BEGIN Input data
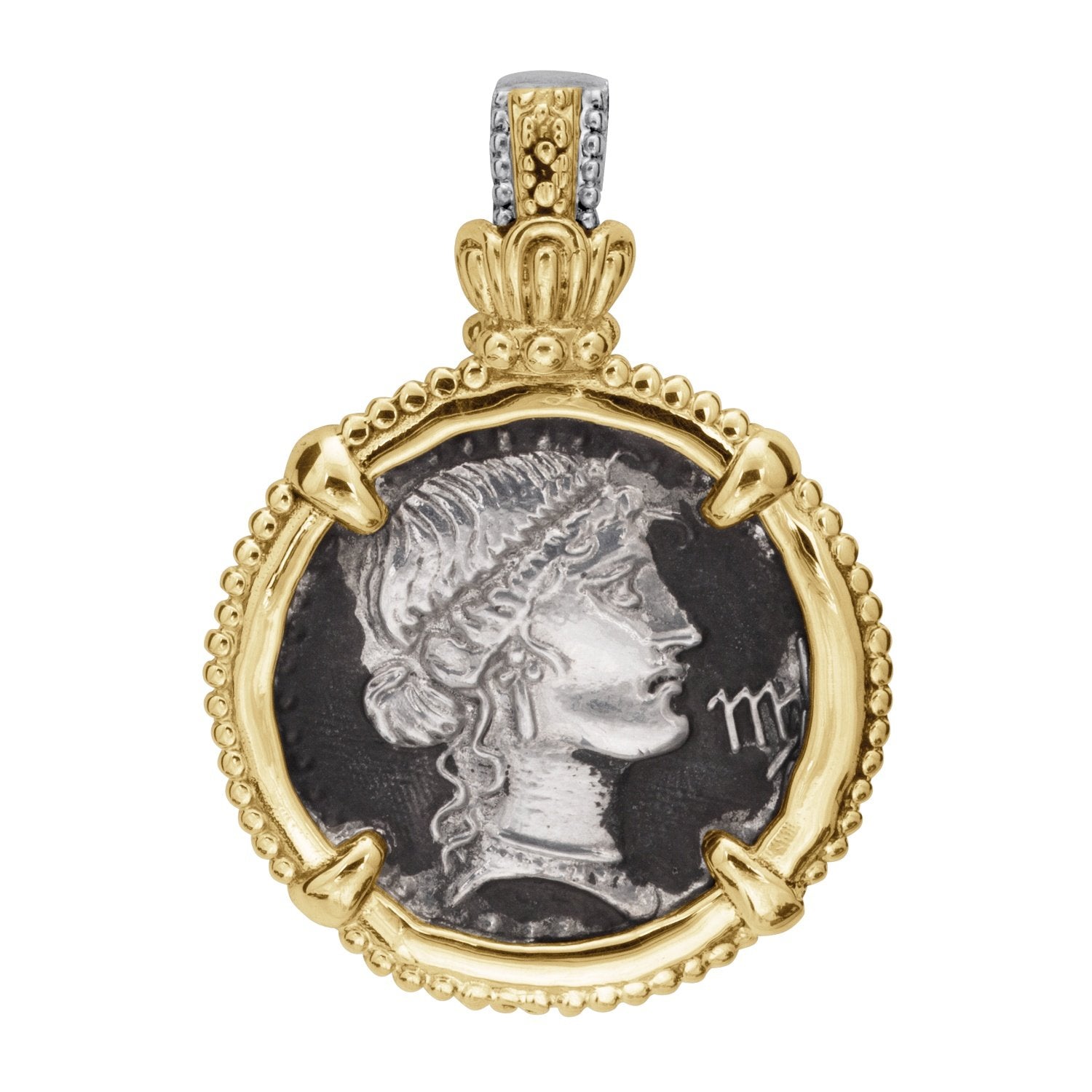 14K Gold and Sterling Silver, 'Virgo' Zodiac Coin Pendant
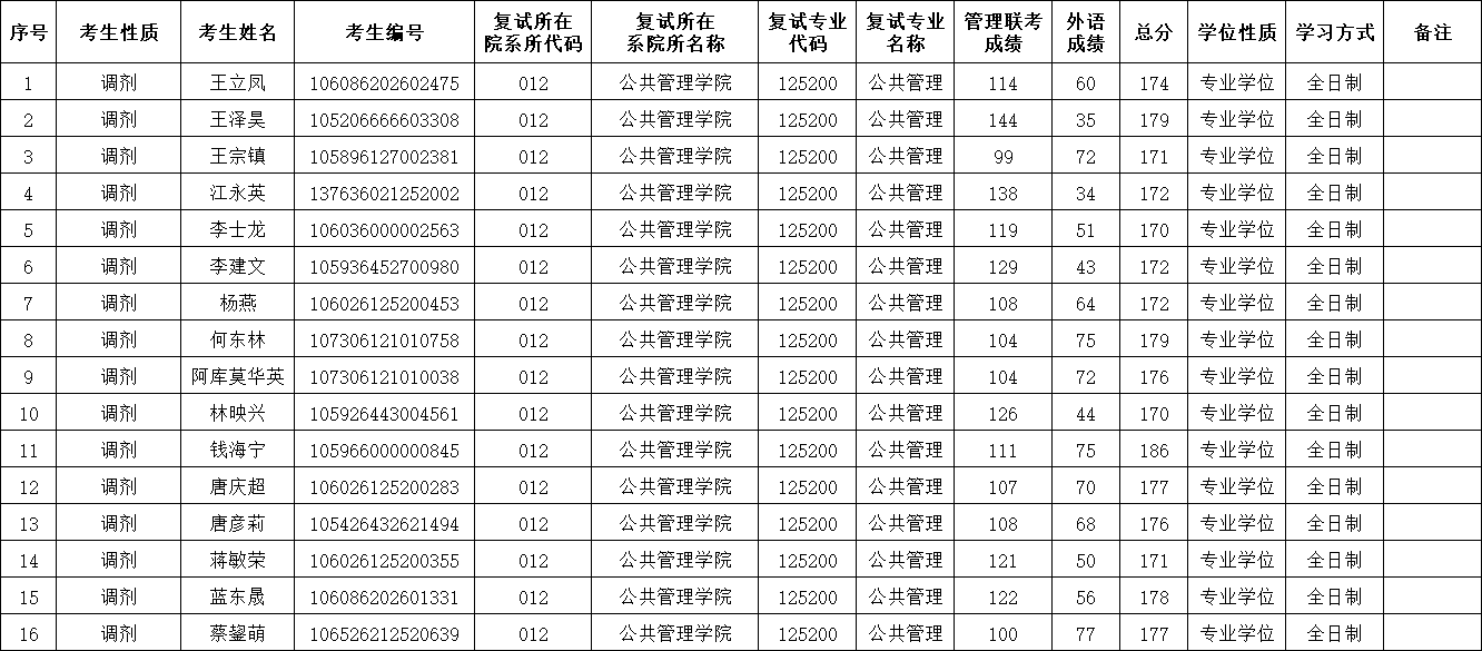 公共管理专业(MPA,代码125200)2026年调剂考生复试名单公示
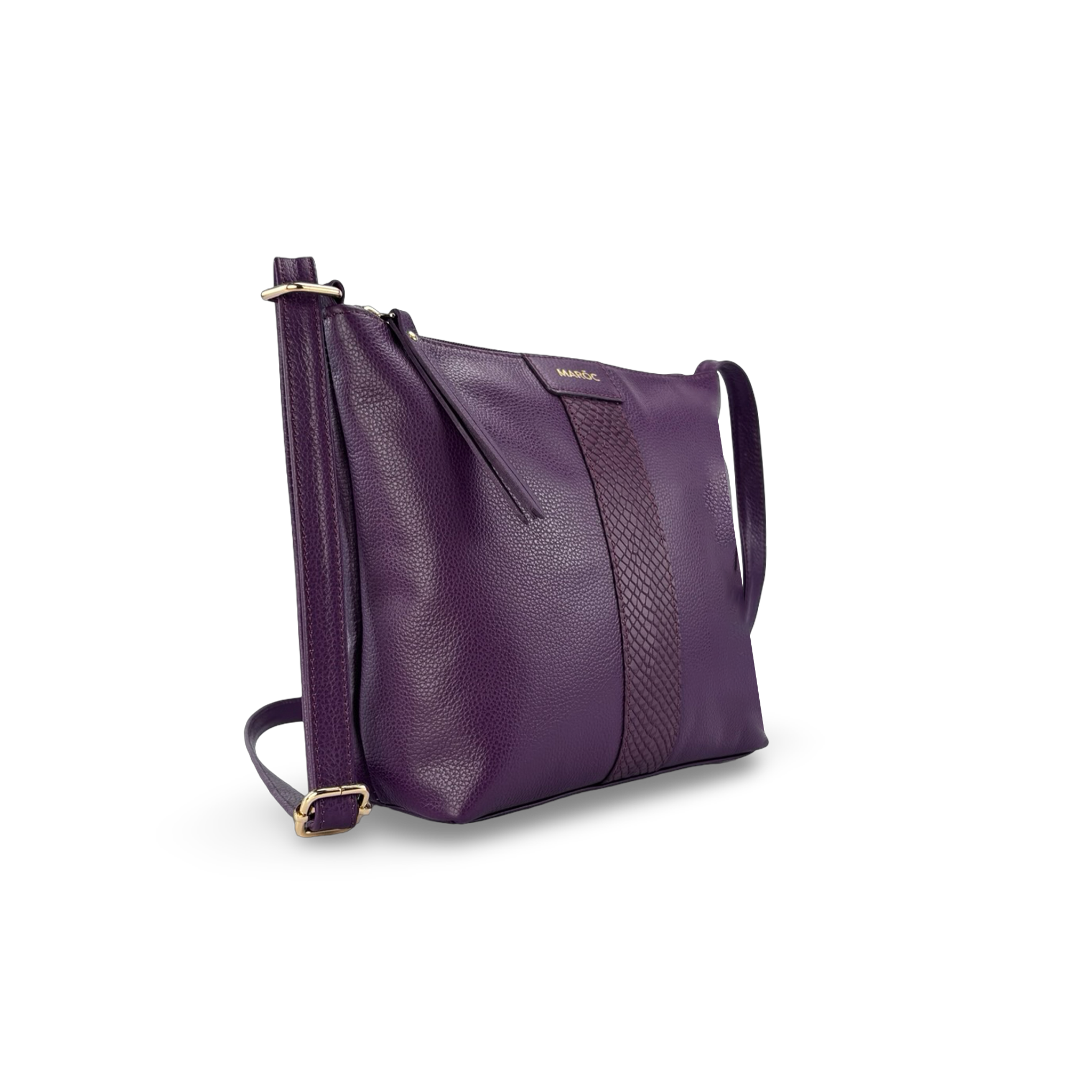 Bolso manos libres para mujer de diseño espacioso y elegante, elaborado en cuero vacuno grabado y liso que combina textura y estilo. Su interior amplio permite guardar una tablet de hasta 13’’, junto con compartimentos internos y externos que facilitan la organización diaria. El cierre en cremallera brinda seguridad, mientras que la bandolera ajustable ofrece comodidad y libertad de movimiento. Una pieza versátil y funcional que equilibra sofisticación y practicidad.
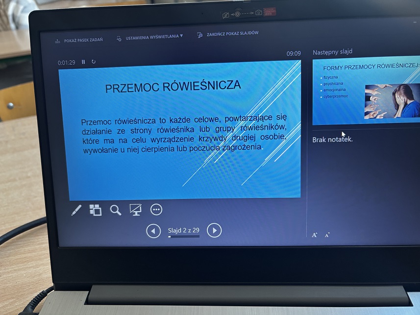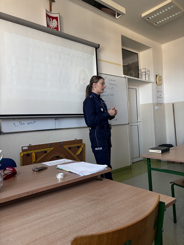 Spotkanie odbyło się w ramach działań zespołu ds. programu wychowawczo-profilaktycznego. Zajęcia prowadziły p. Anna Łazar i p. Magda Czarniecka z Komendy Policji.
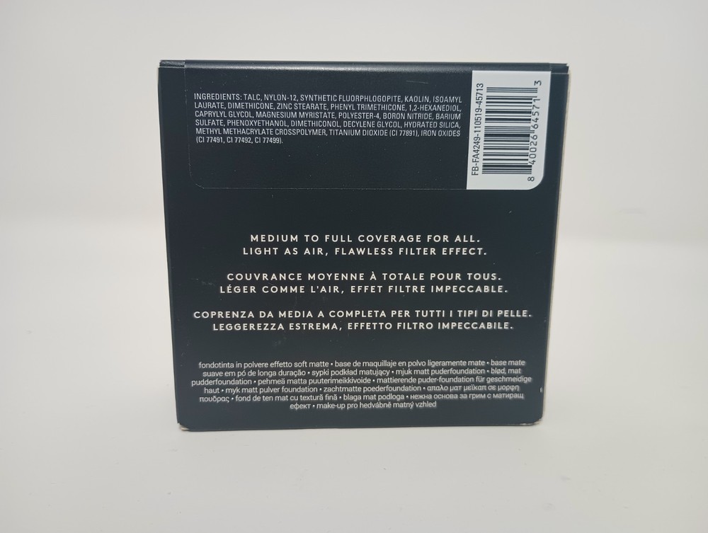 gtin13:840026645713Features:Long Lasting, VeganDepartment:WomenPeriod After Opening (PAO):12MUPC:840026645713Volume:0.32 ozEffect:MatteBrand:Fenty BeautyCountry of Origin:ItalyFormulation:Pressed PowderModel:Fenty Beauty ProSize:StandardProduct Line:Rihanna FENTY BEAUTY Pro Filt'rType:FoundationCoverage:Medium to Full
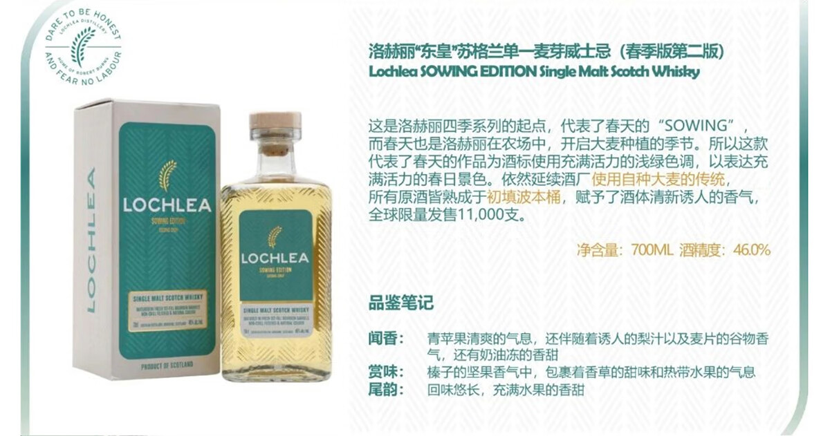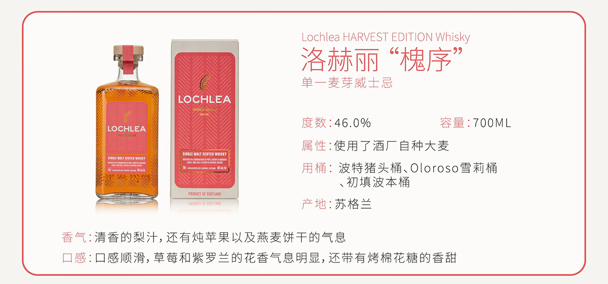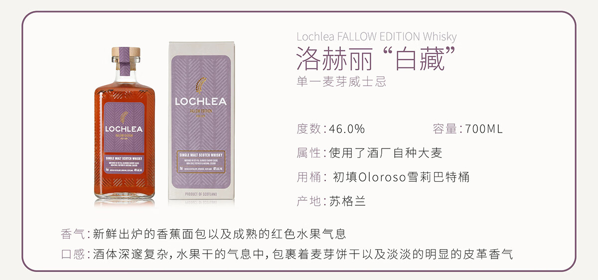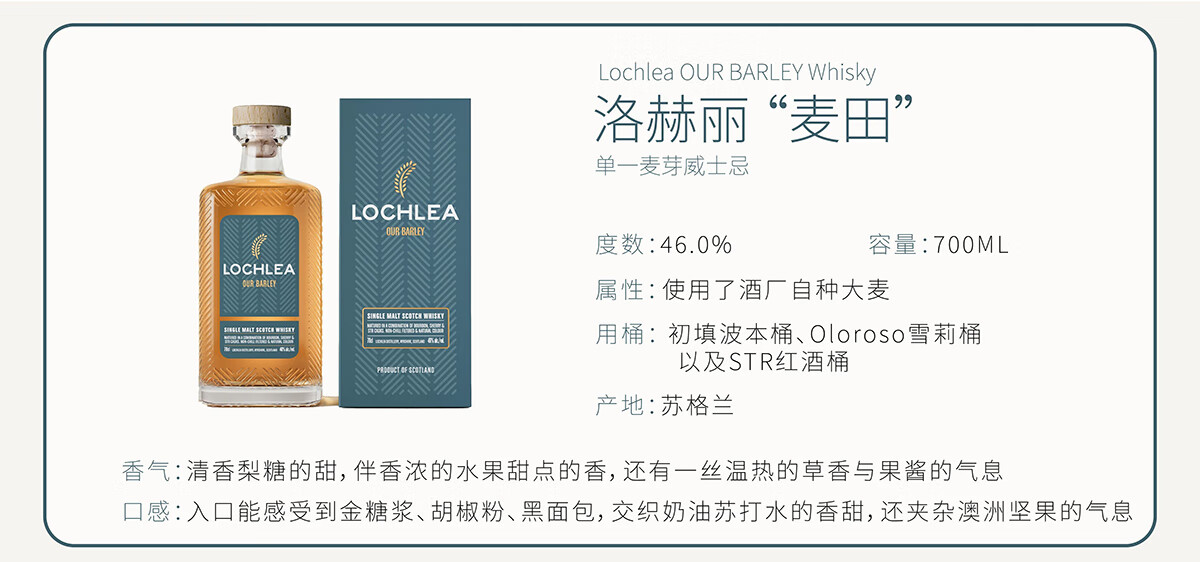 洛赫丽单一麦芽威士忌 使用酒厂自种大麦 洋酒英国进口 LOCHLEA行货 洛赫丽白藏
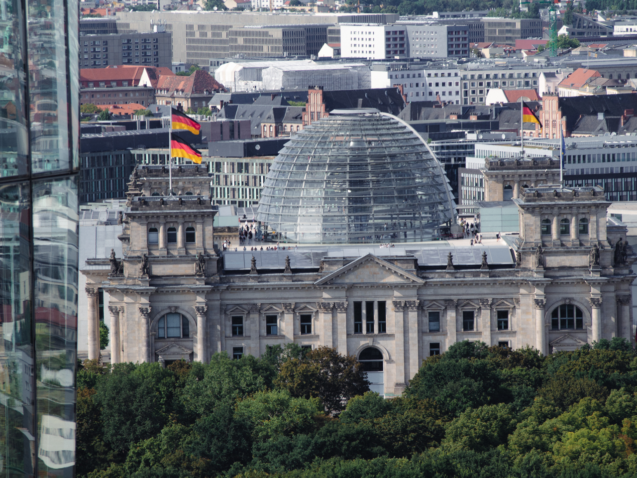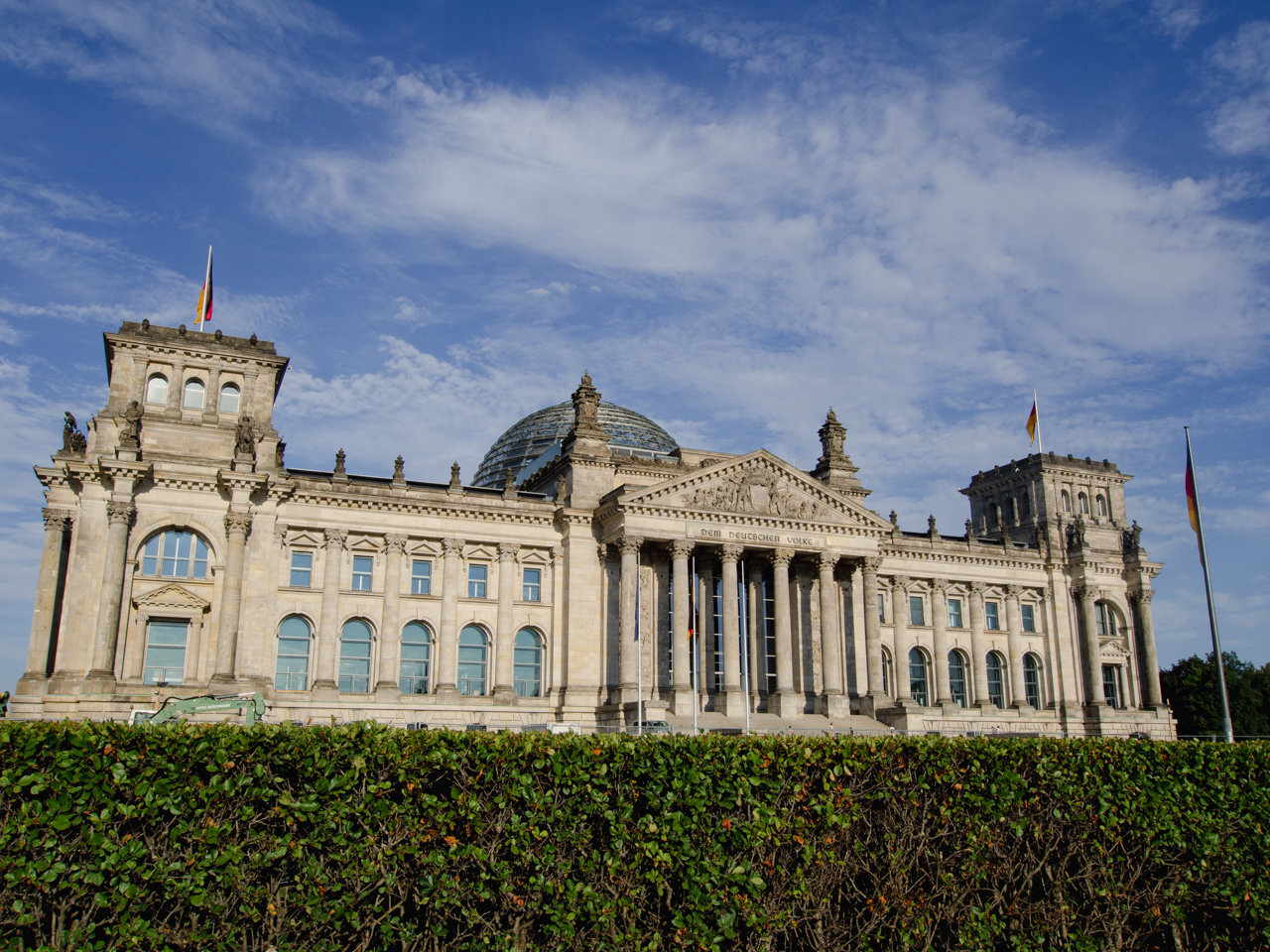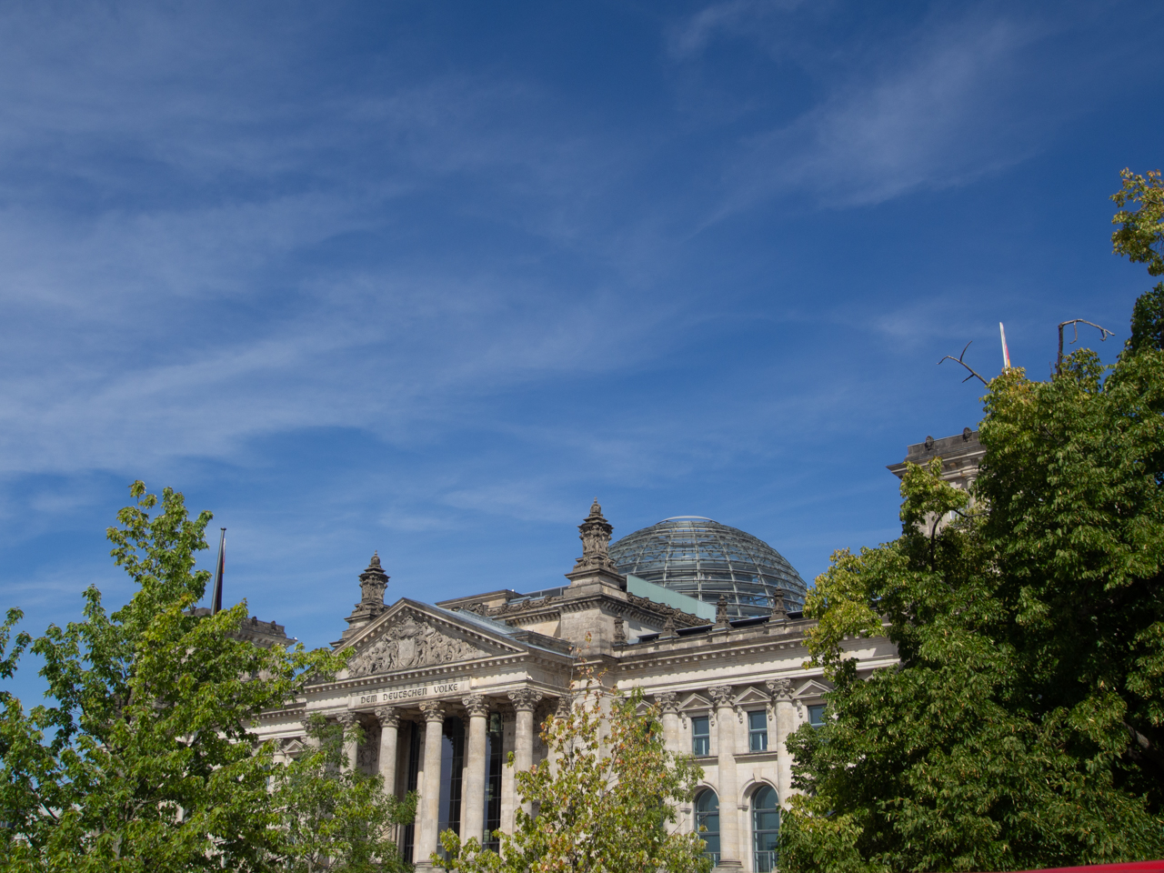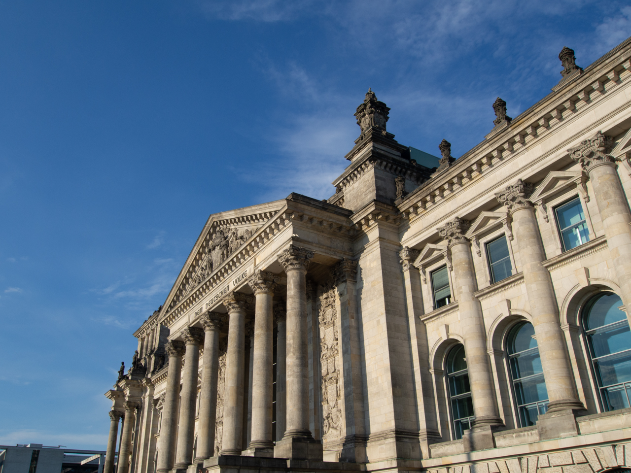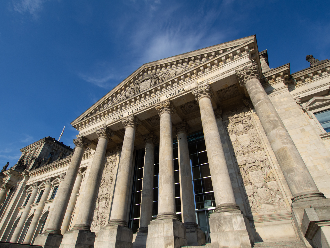 Sur le fronton du parlement d'inspiration classique, on peut lire une inscription en allemand, dem deutschen volke, qui veut dire pour le peuple Allemand.
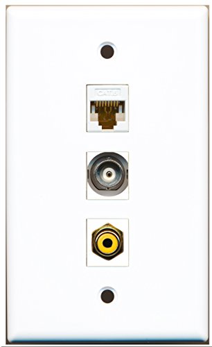 RiteAV - 1 Port RCA Yellow and 1 Port BNC and 1 Port Cat6 Ethernet White Wall Plate
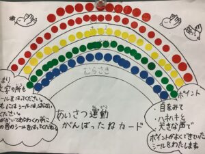 今日は、企画委員会主催の月1回のあいさつ運動の日でした。元気にあいさつすると、企画委員の人からシールがもらえます。もらったシールはそれぞれの教室にあるカードに貼って、みんなの力で虹を描くという取組です。今日の担当学年は3年生、元気いっぱいの声が響いていました。
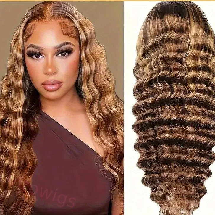 Hightlight Brown Mixed Blonde Body Wave Wig Long Hair
END Input data
## Work to complete
Every record should come back exactly as it is, though none of the pictures should.

## Result of the task
 14K Gold and Sterling Silver, 'Virgo' Zodiac Coin Pendant
 公共管理专业(MPA,代码125200)2026年调剂考生复试名单公示
 Bolso manos libres para mujer de diseño espacioso y elegante, elaborado en cuero vacuno grabado y liso que combina textura y estilo. Su interior amplio permite guardar una tablet de hasta 13’’, junto con compartimentos internos y externos que facilitan la organización diaria. El cierre en cremallera brinda seguridad, mientras que la bandolera ajustable ofrece comodidad y libertad de movimiento. Una pieza versátil y funcional que equilibra sofisticación y practicidad.
 Spotkanie odbyło się w ramach działań zespołu ds. programu wychowawczo-profilaktycznego. Zajęcia prowadziły p. Anna Łazar i p. Magda Czarniecka z Komendy Policji.
 gtin13:840026645713Features:Long Lasting, VeganDepartment:WomenPeriod After Opening (PAO):12MUPC:840026645713Volume:0.32 ozEffect:MatteBrand:Fenty BeautyCountry of Origin:ItalyFormulation:Pressed PowderModel:Fenty Beauty ProSize:StandardProduct Line:Rihanna FENTY BEAUTY Pro Filt'rType:FoundationCoverage:Medium to Full
 洛赫丽单一麦芽威士忌 使用酒厂自种大麦 洋酒英国进口 LOCHLEA行货 洛赫丽白藏
 Sur le fronton du parlement d'inspiration classique, on peut lire une inscription en allemand, dem deutschen volke, qui veut dire pour le peuple Allemand.
 RiteAV - 1 Port RCA Yellow and 1 Port BNC and 1 Port Cat6 Ethernet White Wall Plate
 今日は、企画委員会主催の月1回のあいさつ運動の日でした。元気にあいさつすると、企画委員の人からシールがもらえます。もらったシールはそれぞれの教室にあるカードに貼って、みんなの力で虹を描くという取組です。今日の担当学年は3年生、元気いっぱいの声が響いていました。
 Hightlight Brown Mixed Blonde Body Wave Wig Long Hair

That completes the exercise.